Main Entry: geno·cide audio.gif

Pronunciation: 'je-n&-"sId

Function: noun

: the deliberate and systematic destruction of a racial, political, or cultural group

 

thats merriam-websters definition of genocide. the deliberate systematic extermination of nonhuman animals for the purpose of medical experimentation is definitionally genocide. as for the framework idea, you have it right, making jokes about it just proves why the aff is probably a good idea.

 

Ehh, I just have a problem with calling it genocide because it isn't like the elimination/extermination of a group of animals. Nazi germany was in the process of a genocide because it was deliberately and systematically eliminating groups of people from the earth. I'm not familiar with the harms, but I wouldn't agree that's what's happening. I think a person could call it genocide in round, I think that they would be able to support it, and I think it would fly. If I were to run the case, however, I wouldn't agree with the wording.

 

My point on the beehive aff was that if the framework argument truly extends to insects, I don't think that's such a bad idea. If the lives of insects are equivalent, then there's some serious outweighing going on.
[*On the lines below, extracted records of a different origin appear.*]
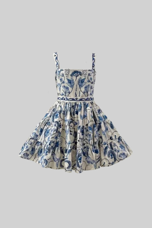 Mavi Çiçek ve Paisley Desenli Dar Mini Elbise - Beyaz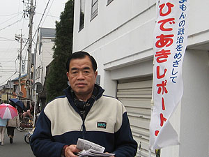 夕方の街頭演説をじーっと聞いていてくださる女性がいた。「どうかされましたか」と話しかけたら、「私は精神障害で授産施設に通っています。今年から施設利用料が毎月7500円引かれるようになったのですよ。少ないお給料から、この7500円が引かれなければ、病気のお母さんの治療をもう少しできるのに、何でこんなことになるのですか。今年の春までは、一般の会社で働いていたのに、リストラされて、授産施設に行くようになって、何にもいいことありません」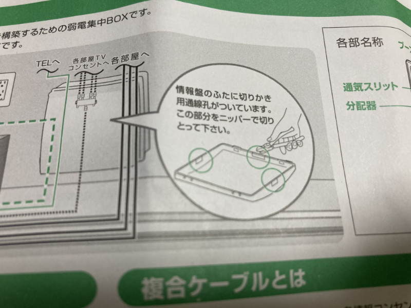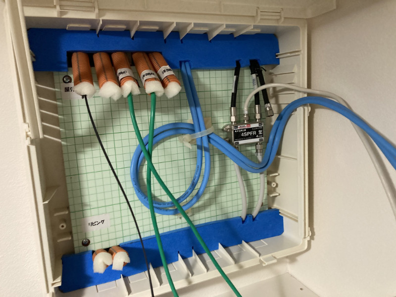 配線が綺麗に収まっていないので、フタがしめられず壁の穴の空気が入ってきてしまう。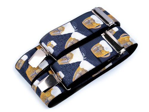 Kšandy s potiskem piva potěší především muže. Kšandy bývají nedílnou a zároveň praktickou součástí jejich oblečení. Jsou kvalitní české výroby, elastický materiál umožňuje pohodlné nošení. Zadní vsadka z eko kůže jim dodává stylový vzhled. Ke kalhotám se upevňují na tři žabky - dvě vpředu a jednu vzadu.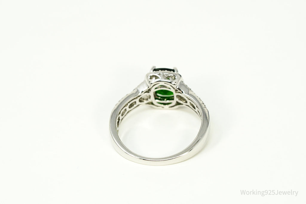 Vintage Emerald & White Topaz Sterling Silver Ring - Size 9.75
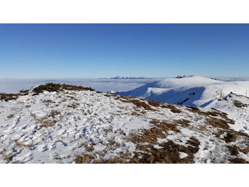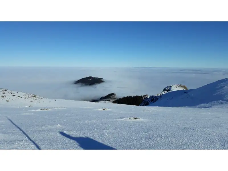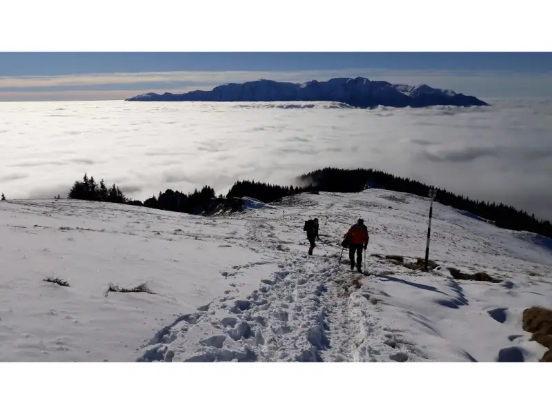 Ce-i drept, era putina gheata prin canion, iar unele trepte erau niste capcane alunecoase, insa, cu putina atentie am parcurs canionul fara nici o problema. Trebuie sa mentionez ca unele scari se miscau, acestea fiind fixate de stanca in mod imporivzat. Apropiindu-ne de golul alpin, parea ca incepem sa iesim peste plafonul de nori, si sa se confirme supozitia ca vom avea parte de mare de nori. Daca pana in golul alpin nu am intalnit zapada deloc, fix la iesirea din padure, portiunile cu gheata au necesitat coltarii. Apoi, la golul alpin, soarele ardea ca intr-o zi de vara iar zapada era moale, numai buna de mers fara coltari. Ne-am dezbracat de straturile groase, caci, cu fiecare pas ne incalzeam si mai tare.

I'm not an advocate of human superiority, in terms of evolution, but I'm trying to find out how far this framework goes. If given a choice, do you kill two ants to save one child? Do you kill a child to save two ants? Aside from that, should we have relief programs for animals and stuff too? Like we send food to africa, medical aid, what have you... humanitarian aid... would the next step be like providing food for starving animals, to strike down the view that it is a reserved right to humans?